[Python-ideas] Multiple arguments for decorators

Andrew Barnert abarnert at yahoo.com
Mon Nov 30 23:37:17 EST 2015


On Nov 30, 2015, at 19:21, Kevin Modzelewski via Python-ideas <python-ideas at python.org> wrote:
> 
> Class scopes definitely feel like a good match -- they are a way of saying "evaluate all of these expression, pass the resulting locals to a custom function, and bind the result of that function to the classname".  Usually the function is type(), which constructs a new class, but by setting a custom metaclass we can avoid creating a class just to wrap the scope:

Is there really a harm in creating a class?

A property is a type, and the obvious way to simulate it in Python rather than C (as shown by the sample code in the HOWTO) is with a class statement.

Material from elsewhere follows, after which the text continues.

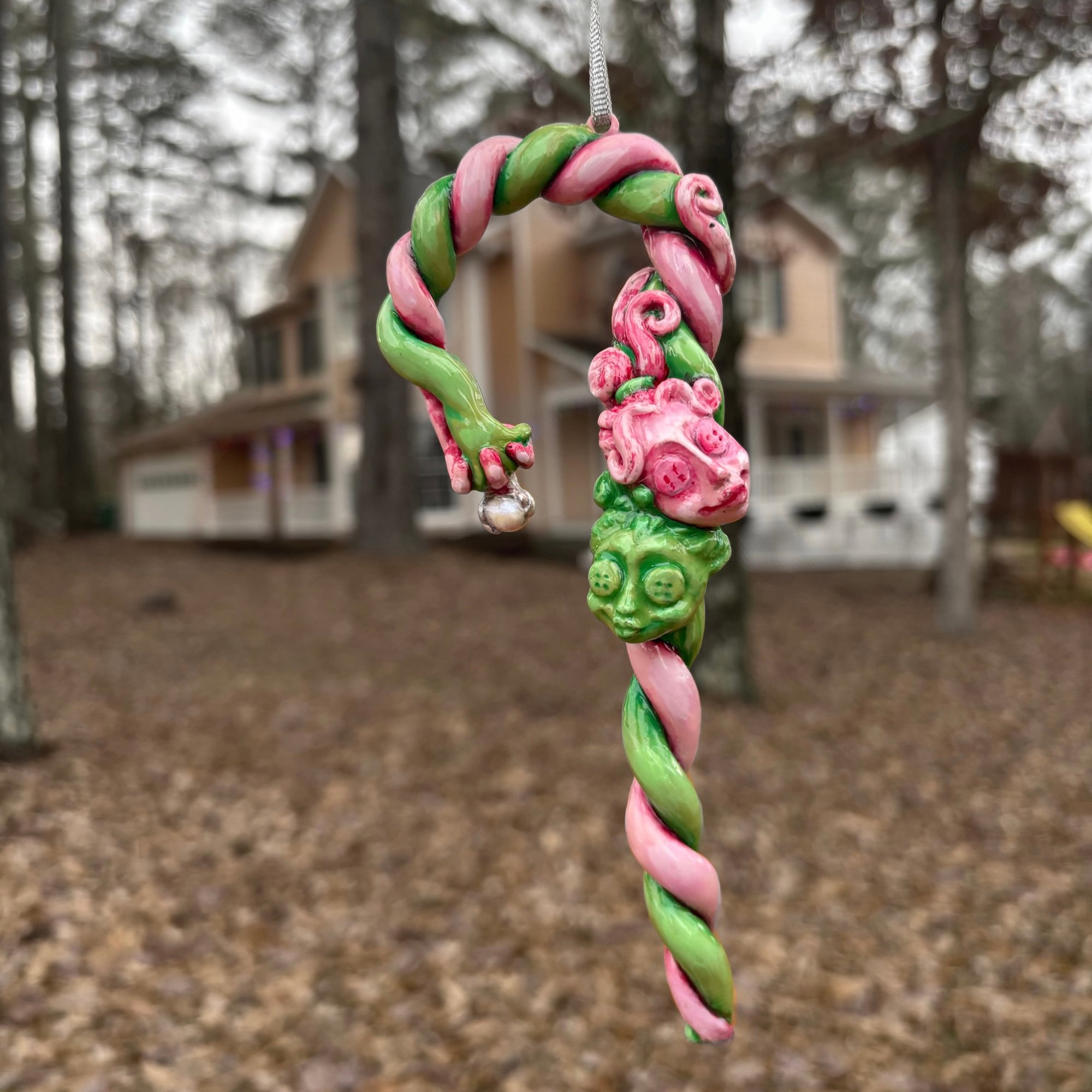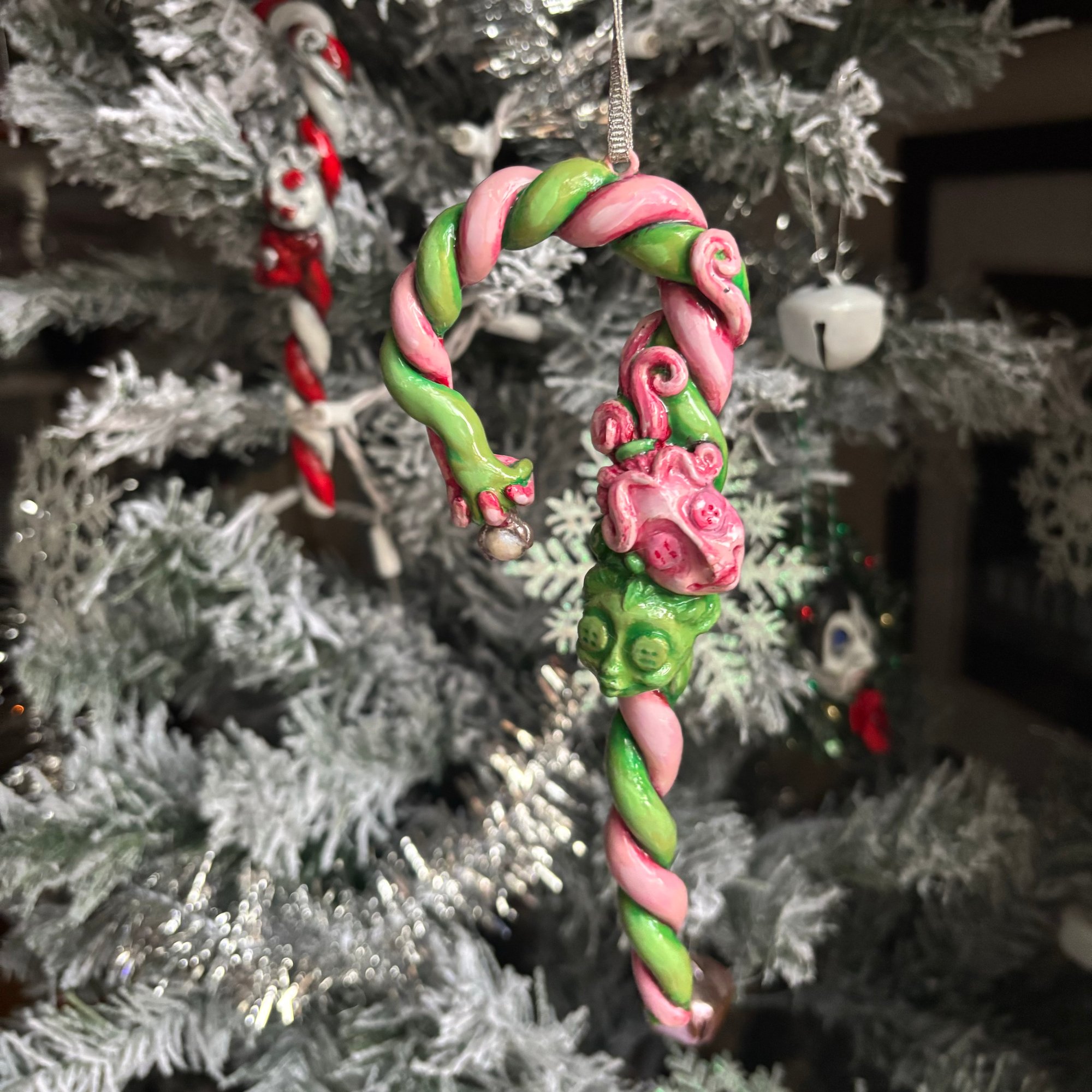This listing is for one taffy candy cane ornament inspired by Coraline.

Besides, if you're creating many thousands of properties in a loop, the time and space cost of property creation is probably the least of your worries.

Again, maybe that isn't true for other types of decorators this feature might be useful for, but without having any examples to think about, it's hard to guess...

> class PropertyMetaclass(type):
>     def __new__(cls, name, bases, attrs):
>         return property(attrs.get('get'), attrs.get('set'), attrs.get('del'), attrs.get('__doc__'))

I still don't get the benefit of having a metaclass or constructor function or wrapper function or anything else, instead of just making property take a class instead of four functions. The latter is significantly nicer on the user side, and only a tiny bit more verbose in the implementation of property, and easier to understand. Unless there are other decorators where they wouldn't be true, or so many potentially useful one-shot decorators that defining them all a little more succinctly is worth the cost, why add the extra layer?